Nowhere in that statement are the applicants praying for leave to apply for those orders. Unless perhaps the interested parties are reading from a different script not filed in court.
Having disposed off the preliminary objection raised by the interested parties, there is nothing left in opposition to the application. As already stated elsewhere in this ruling the interested parties and the respondents did not file any affidavits in reply to the facts deposed to by the applicants. Thus these facts are uncontroverted and the court ought to take those facts as representing the correct position in this case.
The application for leave was made within the statutory six (6) months as required since the decision was made on 22nd December, 2009 and leave was granted on 21st January, 2010. Their substantive motion was filed on 2nd February, 2010 also within 21 days of the grant of leave. Procedurally therefore the proceedings upto now are perfect.
The jurisdiction of the land Disputes Tribunals established under the Land Disputes Tribunals Act is circumscribed by section 3(1) thereof. Such jurisdiction is limited to hearing all cases of Civil nature involving a dispute as to:
a)The division of or determination of boundaries to, land including land held in common;
b)A claim to occupy or work land; or
c)Trespass to land.
The 2nd applicant is the registered proprietor of the suit premises. The claim before the 1st respondent by the interested parties was for the ownership of the entire suit premises. On the basis of ancestral land. The 1st respondent acceded to the request and awarded the 2nd interested party the entire suit premises. That claim was not founded on division of or determination of boundaries, nor was it anchored to a claim to work or occupy land. Neither was the claim based on trespass.

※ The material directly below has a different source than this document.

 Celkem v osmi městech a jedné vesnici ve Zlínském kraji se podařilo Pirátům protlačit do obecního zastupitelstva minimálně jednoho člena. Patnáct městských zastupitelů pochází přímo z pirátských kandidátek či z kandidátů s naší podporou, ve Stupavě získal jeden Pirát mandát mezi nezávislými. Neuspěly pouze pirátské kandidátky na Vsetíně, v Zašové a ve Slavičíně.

That being the case the 1st respondent had no jurisdiction to entertain the dispute as it related to registered land under the Registered Land Act. The implementation of the award would entail the transfer of the 2nd applicant’s suit premises to the 2nd interested party. Indeed there is an application pending before the 2nd respondent seeking the adoption of the award. The implementation of the award no doubt will entail the closure of the register and opening up of a new one in favour of the 2nd interested party. It is clear that the proceedings before the 1st respondent related to title to land. This dispute in my view could only be tried by the High Court or by the Resident magistrate’s court where such court has jurisdiction in terms of section 159 of the Registered Land Act. In the case of Jotham Amunars .v. Republic KSM C.A.No. 256 of 2002 (UR), the court of appeal observed that Land Disputes Tribunals had no jurisdiction to deal with proceedings relating to title to land or beneficial interest therein.

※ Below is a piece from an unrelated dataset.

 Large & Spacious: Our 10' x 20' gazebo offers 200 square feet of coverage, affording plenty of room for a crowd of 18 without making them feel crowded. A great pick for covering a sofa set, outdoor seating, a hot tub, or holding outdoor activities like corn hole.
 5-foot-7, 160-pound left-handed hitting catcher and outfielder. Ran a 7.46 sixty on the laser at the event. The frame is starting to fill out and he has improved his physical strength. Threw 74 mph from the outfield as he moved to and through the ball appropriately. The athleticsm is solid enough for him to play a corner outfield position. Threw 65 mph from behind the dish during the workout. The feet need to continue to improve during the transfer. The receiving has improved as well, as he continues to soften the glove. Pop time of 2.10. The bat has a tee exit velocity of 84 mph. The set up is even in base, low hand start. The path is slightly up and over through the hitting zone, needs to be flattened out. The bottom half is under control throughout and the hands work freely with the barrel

Having come to same conclusion in the circumstances of this case, I find and hold that the 1st respondent acted outside its jurisdiction which renders its decision null and void ab Initio. Accordingly the order of Certiorari shall forthwith issue, to quash the award of the 1st respondent dated 22nd December, 2009. The award having been quashed, there is nothing left for the 2nd respondent to adopt. The applicants’ second prayer for prohibition has thus been rendered otiose. As the mistakes or omissions that occasioned these proceedings were committed by the 1st respondent and who did not appear, I make no order as to costs.
Ruling dated, signedanddelivered at Kisii this 17th day of January, 2011.